(Task to carry out): Below are records with pictures. Reproduce exactly the lines from the line with "Casely iPhone 17" to the line with "Uchwyt do szkła", inclusive, and leave each picture out.

(Task material):
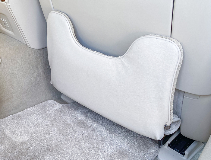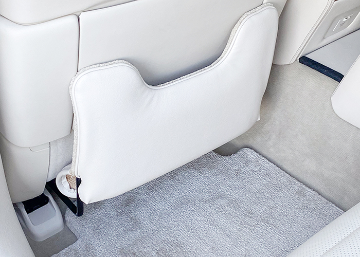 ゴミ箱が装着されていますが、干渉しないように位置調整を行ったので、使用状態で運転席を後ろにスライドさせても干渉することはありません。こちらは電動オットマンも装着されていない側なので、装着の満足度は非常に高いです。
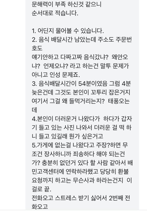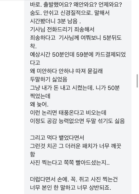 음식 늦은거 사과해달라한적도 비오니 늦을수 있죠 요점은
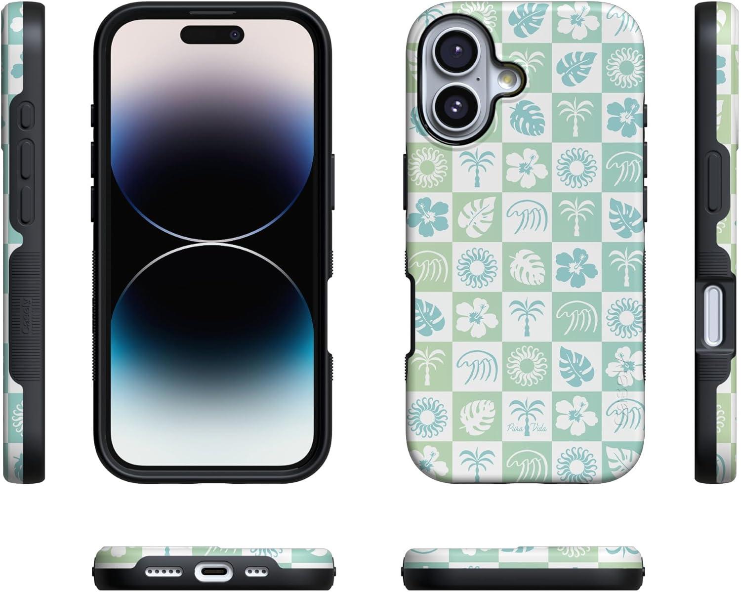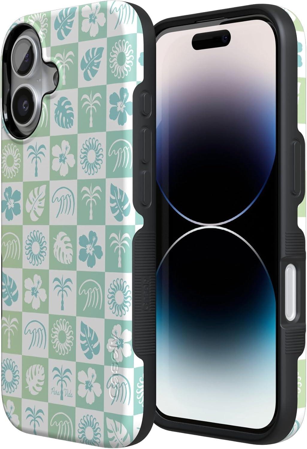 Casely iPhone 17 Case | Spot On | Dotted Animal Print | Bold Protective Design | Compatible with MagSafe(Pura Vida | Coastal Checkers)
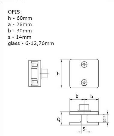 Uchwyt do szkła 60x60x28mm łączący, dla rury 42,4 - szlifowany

...

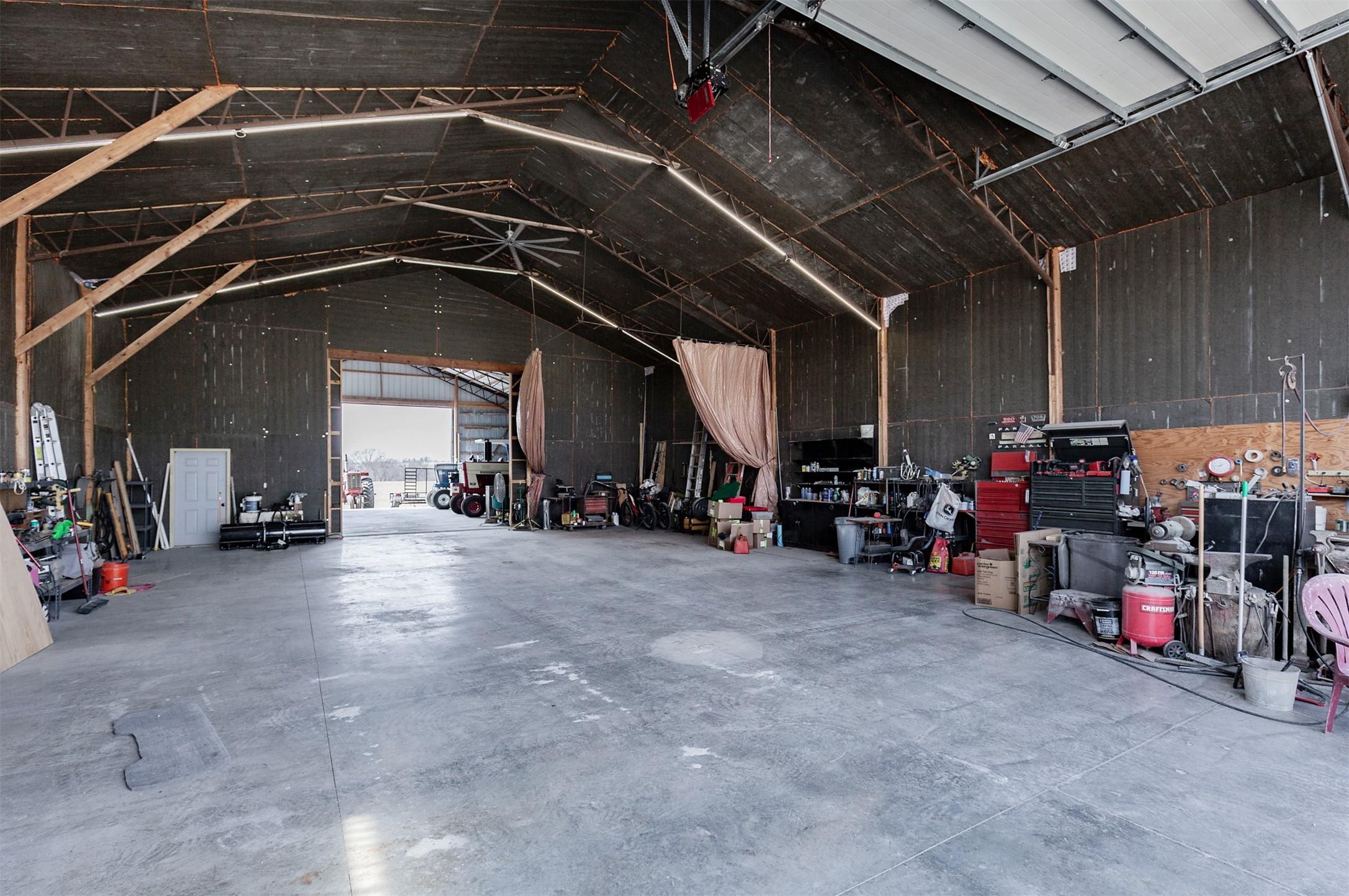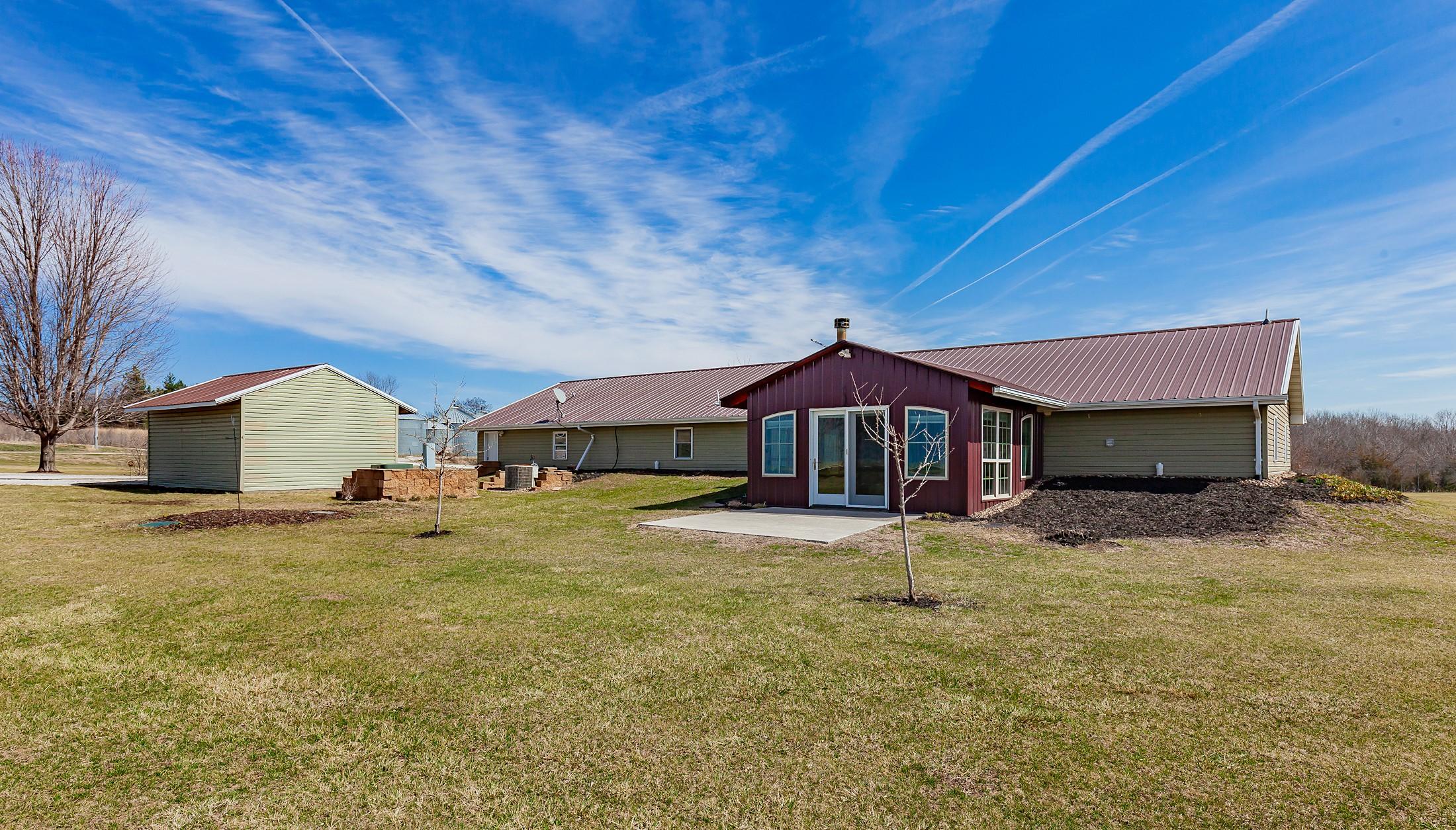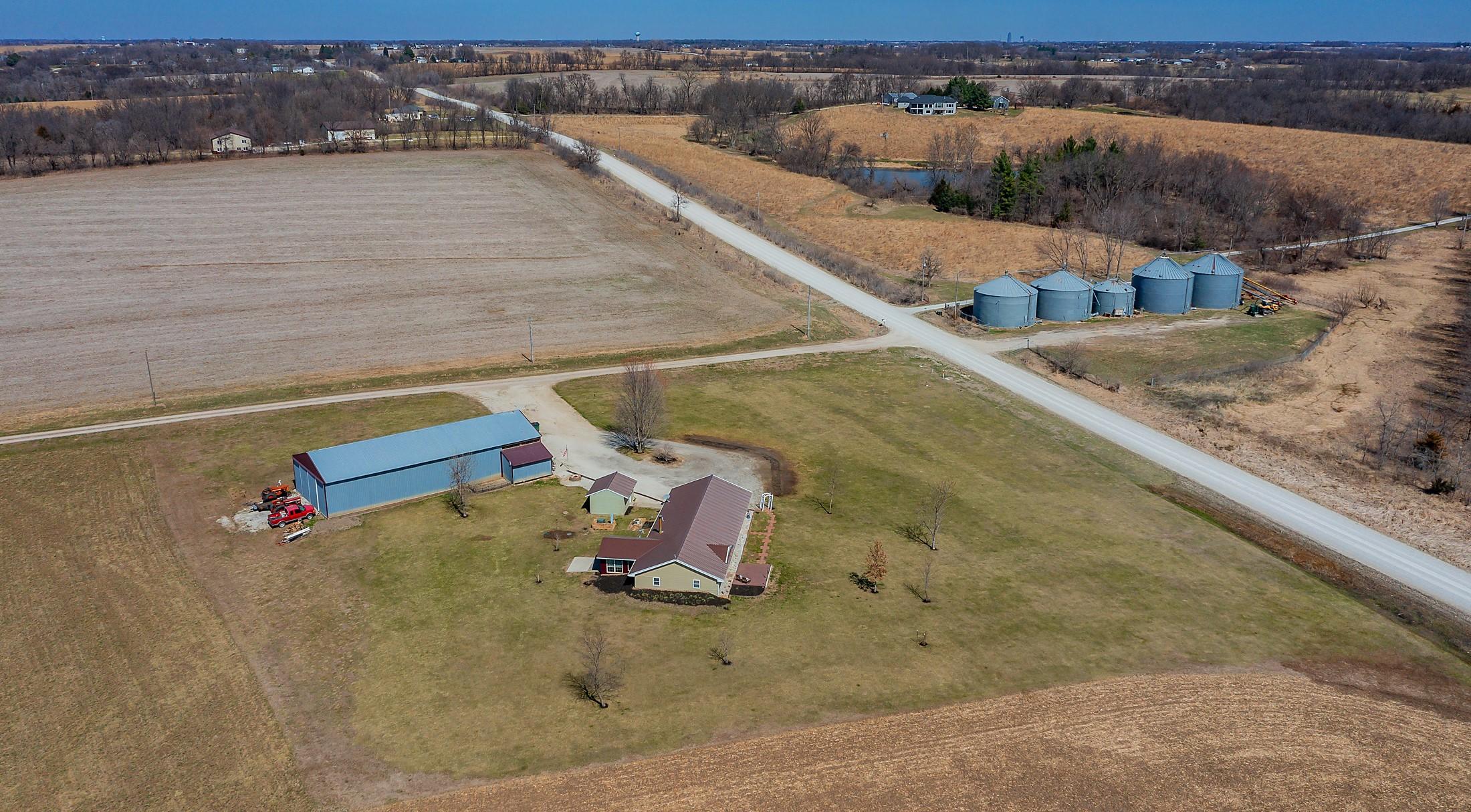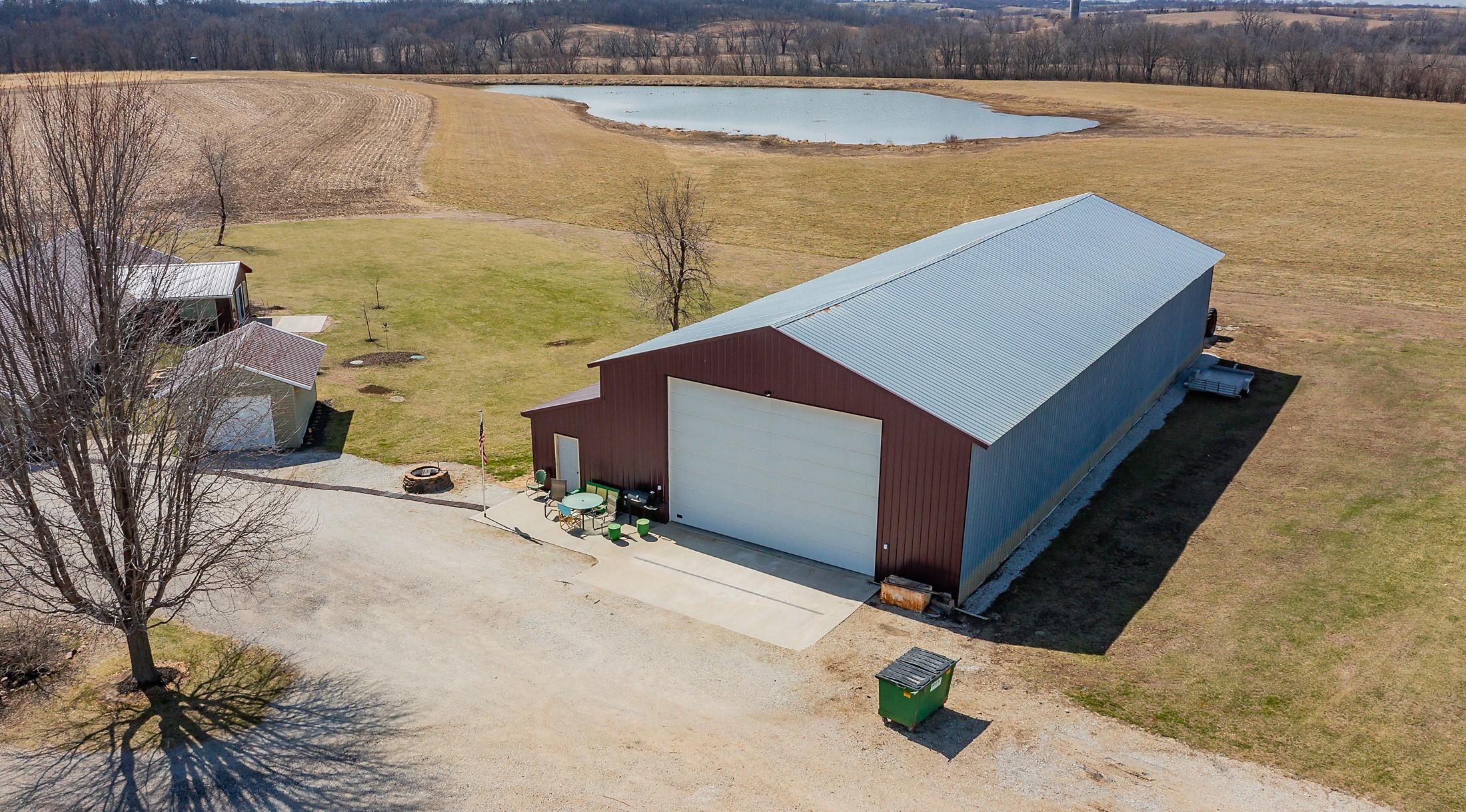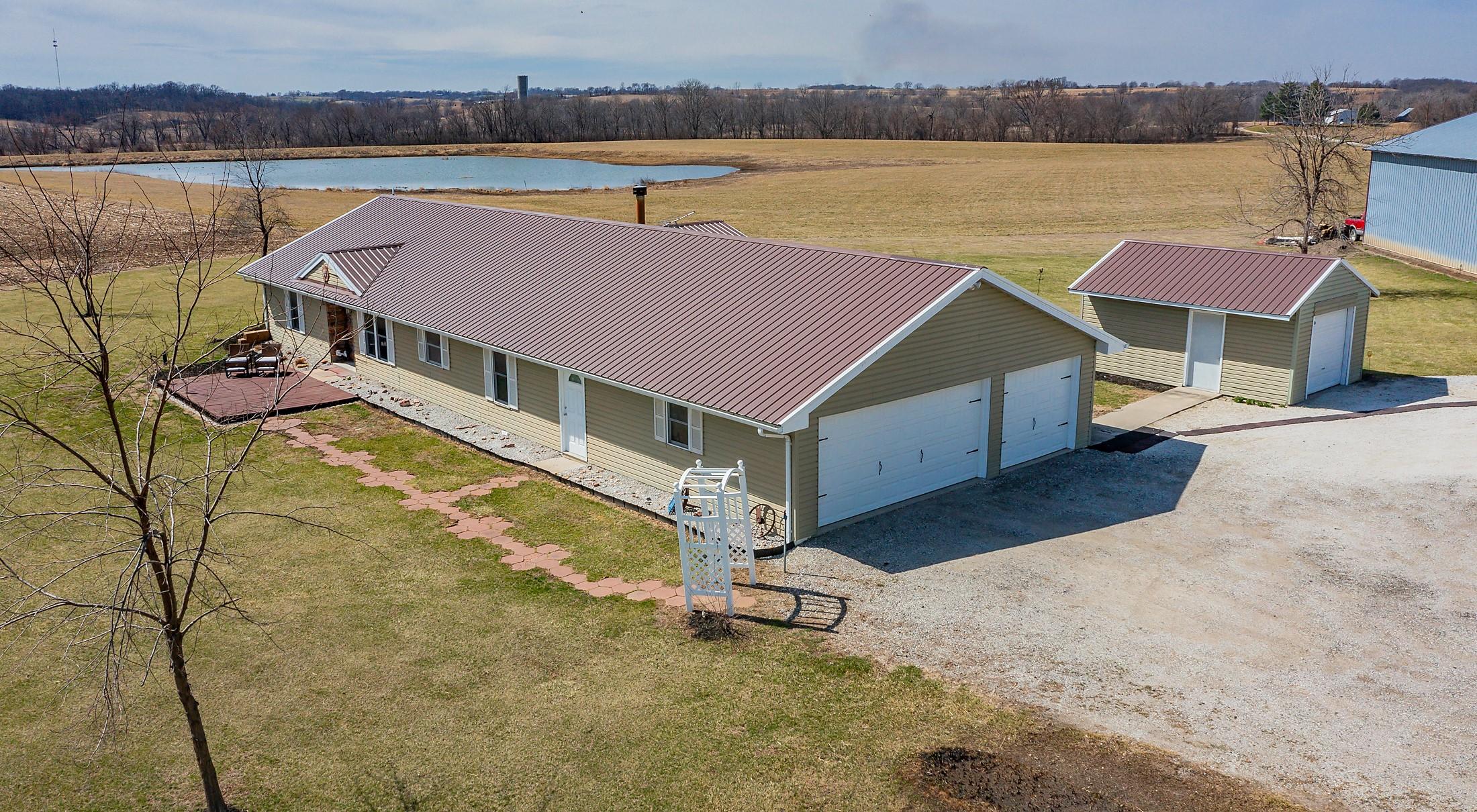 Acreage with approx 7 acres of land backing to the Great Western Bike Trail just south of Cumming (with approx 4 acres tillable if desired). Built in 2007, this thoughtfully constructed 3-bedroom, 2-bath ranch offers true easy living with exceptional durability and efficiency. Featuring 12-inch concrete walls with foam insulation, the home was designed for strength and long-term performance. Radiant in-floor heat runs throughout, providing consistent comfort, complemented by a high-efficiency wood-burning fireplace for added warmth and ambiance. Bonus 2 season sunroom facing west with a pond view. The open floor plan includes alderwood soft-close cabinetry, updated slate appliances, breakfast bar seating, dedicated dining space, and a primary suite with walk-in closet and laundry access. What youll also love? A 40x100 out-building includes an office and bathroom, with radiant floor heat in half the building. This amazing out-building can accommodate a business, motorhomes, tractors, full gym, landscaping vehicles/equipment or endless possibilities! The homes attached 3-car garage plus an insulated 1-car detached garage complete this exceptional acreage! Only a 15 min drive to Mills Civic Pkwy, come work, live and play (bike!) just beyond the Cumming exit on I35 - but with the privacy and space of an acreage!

---

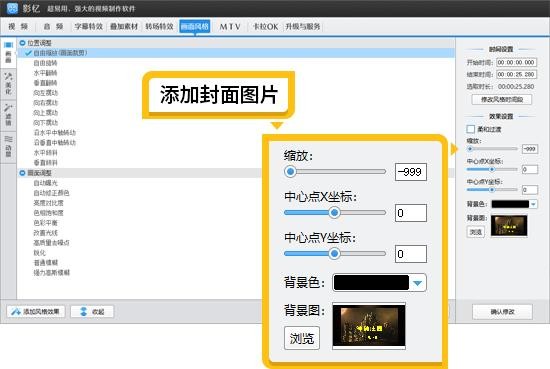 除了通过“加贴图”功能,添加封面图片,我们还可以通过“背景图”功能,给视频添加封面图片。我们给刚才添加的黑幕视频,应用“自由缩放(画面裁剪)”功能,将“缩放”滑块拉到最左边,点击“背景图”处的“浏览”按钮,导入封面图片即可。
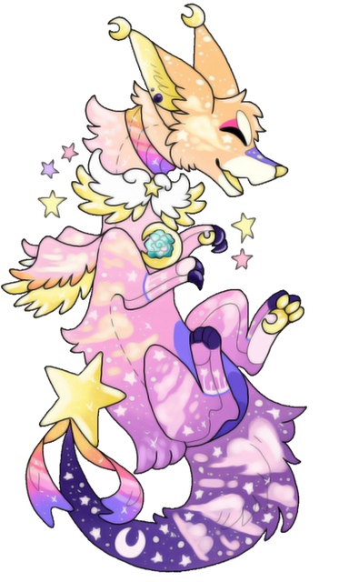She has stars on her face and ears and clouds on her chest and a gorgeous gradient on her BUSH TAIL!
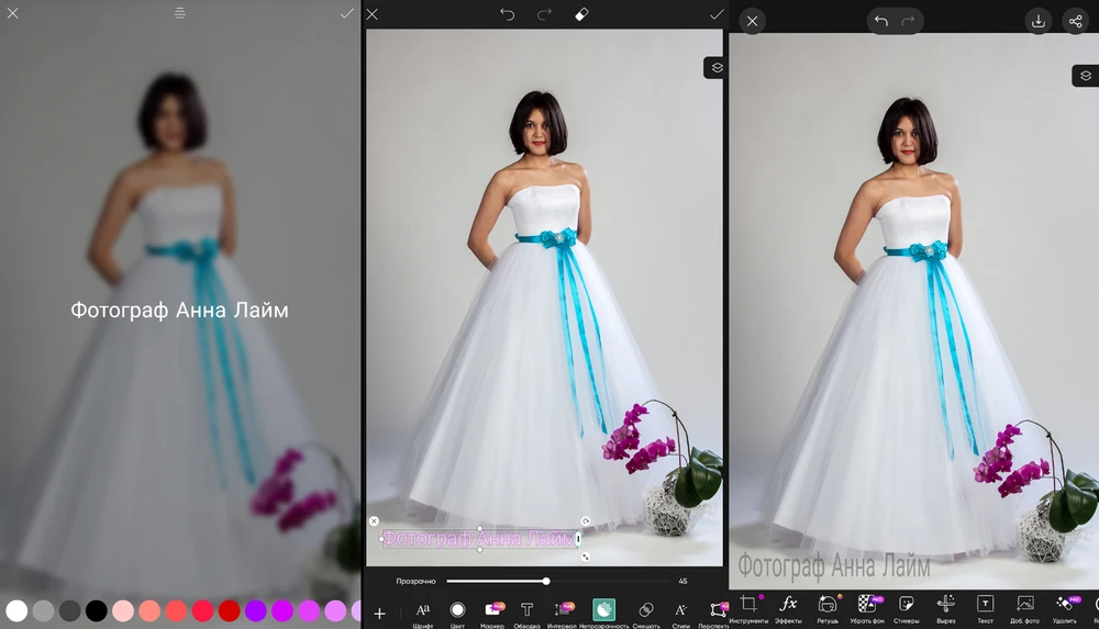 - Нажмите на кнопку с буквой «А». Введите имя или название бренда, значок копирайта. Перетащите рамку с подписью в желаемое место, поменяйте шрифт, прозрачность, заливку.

(Answer space):
 Casely iPhone 17 Case | Spot On | Dotted Animal Print | Bold Protective Design | Compatible with MagSafe(Pura Vida | Coastal Checkers)
 Uchwyt do szkła 60x60x28mm łączący, dla rury 42,4 - szlifowany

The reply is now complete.